国内シェアNo.1を誇るRPAツール「WinActor」を提供するNTTデータは、RPAの導入に際して「PoC(評価・検証)、部分導入、全社導入という3段階」が必要だとしています。

RPAの主体となる現場を巻き込まず推進部門やIT部門だけでPoCを行った会社では、RPAを導入しても浸透しないケースが少なくないとのこと。また、PoCに際してはRPAツールの研修を受けることから始めることが重要だともしています。

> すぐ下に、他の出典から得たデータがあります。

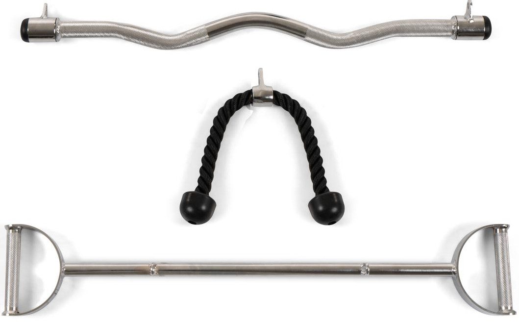 Das Trizeps-Seil ist speziell für gezieltes Armtraining konzipiert und hilft dabei, deine Trizepsmuskulatur zu stärken. Die SZ-Stange ermöglicht ein komfortables Bizepstraining und sorgt für eine optimale Haltung während der Übungen. Die Latzugstange erlaubt verschiedene Rückenübungen, um deine Rückenmuskulatur zu stärken und deinen Oberkörper zu formen.

「部分導入・全社導入」の段階を踏むのも重要。RPAを推進する企業のほとんどが、「RPAは小さく生んで大きく育てるべき」と口をそろえます。ごく一部の部門でごく一部の業務を代行させることから始めることで、社内でどの業務をRPAに代行させるべきか、どんな使い方ができるかを具体的にイメージすることができ、より効果的・効率的にRPAを活用することができるからです。

 

RPA/AIは何ができるのか?

 

メリット

非IT部門でも使える

前述のとおり、RPAはプログラミングが必要なツールではないため、業務を担当する現場レベルで使いこなすことができます。非IT部門においては、ITによる業務効率化をいちいちIT部門に要請する必要がなくなり、IT部門も各部署からの多様な要求から開放されます。

 

生産性の向上

RPAによる単純作業の作業効率は人間の3倍ともいわれ、しかも人間の3倍の時間(24時間)働き続けることができます。今までやむを得ず人力で行っていた単純作業を自動化することにより、よりクリエイティブな業務に人間のリソースを割く余裕が生まれます。

 

人材不足の解消

今後も労働人口が減少し続けるなかで、人材の確保は企業にとって頭の痛い問題です。人間でなくてもかまわない定型作業をRPAに任せれば、今までと同じ人数で今までよりも多くの仕事ができるようになります。

 

ミスの解消

単純作業ではヒューマンエラーが起こりがちですが、RPAは記憶した作業をひたすら正確に再現してくれます。ミスを修正する時間のロスや、ミスによって起こり得る金銭的な損害を未然に防ぐことができます。

 

活用事例

住宅販売・A社

【RPAを導入したおもな業務】

  • ウェブサイト閲覧者から送信された資料請求希望のリスト化
  • 取引先からメール送信されたデータのダウンロードと整理
  • 社用車のドライブレコーダーが送信した運行データのダウンロードと集計

【注目ポイント】

従来1000台の運転者が手作業で行ってきた運行データの送信と帳票にまとめる作業をRPAで自動化したことにより、年間1万4000時間の余力が生まれた。

コンサルティング業・B社

【RPAを導入したおもな業務】

  • ウェブから申し込んだ顧客情報の登録作業
  • セミナーに申し込みした顧客情報の登録作業

【注目ポイント】

人力では1件当たり3~5分かかっていた作業がRPAにより30秒~1分半に短縮。大きなセミナーでは何千人もの顧客情報を社員総出で連日残業して入力していたが、RPA導入で残業がほぼなくなった。

 

生命保険・C社

【RPAを導入したおもな業務】

  • 契約情報を社内システムへ登録する作業
  • 公的機関からの照会に基づいて契約者の保険加入状況を確認する作業

【注目ポイント】

四半期決算前、特定商品の満期などで年間を通して業務量が大きく変動するため、不定期の残業が多かったが、RPA導入により年間で約5万時間が効率化された。

 

RPAツールにはどんなものがあるか

 

多くの会社から様々なRPAツールが提供されています。そのいくつかをご紹介します。

BizRobo!

国内No.1のRPA事業実績を持つRPAテクノロジーズが提供。オンラインで使い方が学べるサービスがあるので簡単にロボットを作ることができる。PC端末にソフトをインストールせず、Webサーバー1台で複数のロボットを運用できる。

 

WinActor

NTTグループのNTTアドバンステクノロジが開発した国産RPAツール。その信頼感や充実したサポート体制から、国内シェアトップとされる。環境構築がいらず、PC1台から導入できる一方で、サーバーでの一括管理も可能。

 

NEC Software Robot Solution

NECが提供する国産RPAツール。高度な画像認識機能によって画面上に表示された画像や値を識別し、人間が行っていた多様な操作を自動化する。マネージャ機能を利用することで、複数ロボットの管理も可能。

 

UiPath

米大手リサーチ会社が開発し、世界2700社、日本国内900社の導入実績がある。拡張性が高く、ほかではカバーできない複雑な手順も自動化できる。画面の配置が変化した場合も、画面構成要素を保存して自動的に画像を調整し、エラーを回避する。

 

Blue Prism

RPA業界の草分けである英・Blue Prism社が開発した「RPAの元祖」的ツール。中央サーバーでロボットを一括管理する方式で、セキュリティの強さで知られることから、金融機関や医療機関などでの導入実績が多い。

 

Automation Anywhere Enterprise

米Automation Anywhere社が開発し、アメリカではRPAツールシェアNo.1を誇る。自動化できるシステムの幅が広く、手動で起動させる以外にもメール監視・プロセス監視・サービス監視など様々な起動バリエーションを持つ

 

SynchRpid

ソフトバンクが開発したRPAツール。OCR(文字の画像認識)による手書き書類のデータ入力、メールの内容に応じた書類の自動作成、Pepperとの連動など、様々なソリューションとの連携が可能。